Task >> In the material below, find the line containing "We startten ter" and the line containing "경기 이천시 증포동지역사회보장협의체는". Output those two lines and all lines between them exactly, without pictures.
*** Exercise data ***
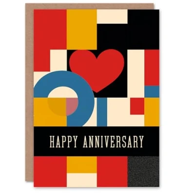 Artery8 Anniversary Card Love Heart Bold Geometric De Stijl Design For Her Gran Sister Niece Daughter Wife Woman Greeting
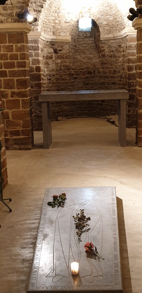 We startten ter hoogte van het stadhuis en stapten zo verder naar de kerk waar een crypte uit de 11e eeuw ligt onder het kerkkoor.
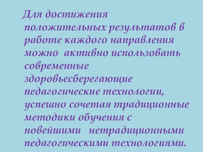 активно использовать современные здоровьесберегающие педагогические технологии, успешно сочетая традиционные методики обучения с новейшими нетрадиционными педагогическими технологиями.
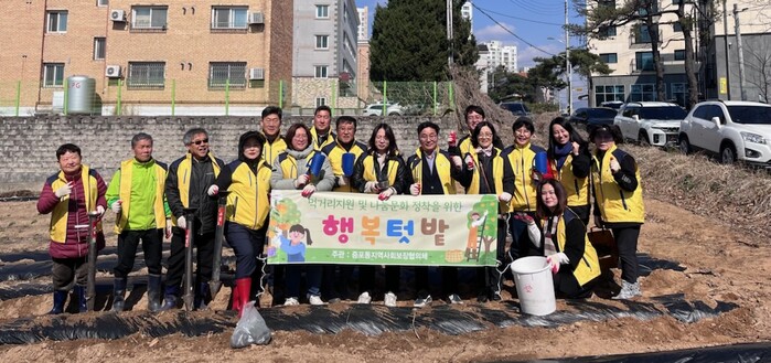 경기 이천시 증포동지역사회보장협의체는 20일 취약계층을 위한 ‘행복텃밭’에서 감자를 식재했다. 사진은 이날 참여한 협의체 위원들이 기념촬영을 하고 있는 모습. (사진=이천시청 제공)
*** End of Exercise data ***
*** Exercise data ***
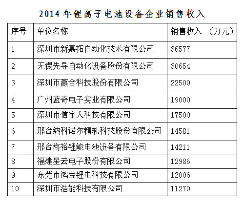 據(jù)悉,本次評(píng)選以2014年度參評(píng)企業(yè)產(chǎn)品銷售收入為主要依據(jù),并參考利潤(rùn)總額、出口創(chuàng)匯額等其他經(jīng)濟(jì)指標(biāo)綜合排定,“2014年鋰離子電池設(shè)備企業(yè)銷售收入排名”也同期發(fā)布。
*** End of Exercise data ***
*** Exercise data ***
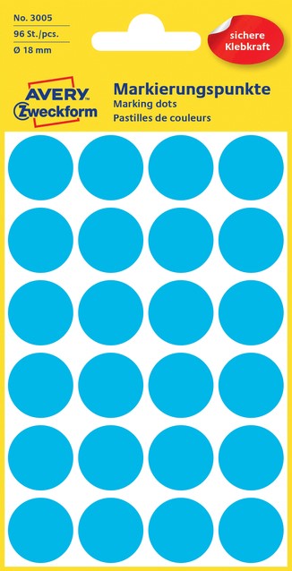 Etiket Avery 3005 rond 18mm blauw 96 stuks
*** End of Exercise data ***
Finished task >>
 We startten ter hoogte van het stadhuis en stapten zo verder naar de kerk waar een crypte uit de 11e eeuw ligt onder het kerkkoor.
 активно использовать современные здоровьесберегающие педагогические технологии, успешно сочетая традиционные методики обучения с новейшими нетрадиционными педагогическими технологиями.
 경기 이천시 증포동지역사회보장협의체는 20일 취약계층을 위한 ‘행복텃밭’에서 감자를 식재했다. 사진은 이날 참여한 협의체 위원들이 기념촬영을 하고 있는 모습. (사진=이천시청 제공)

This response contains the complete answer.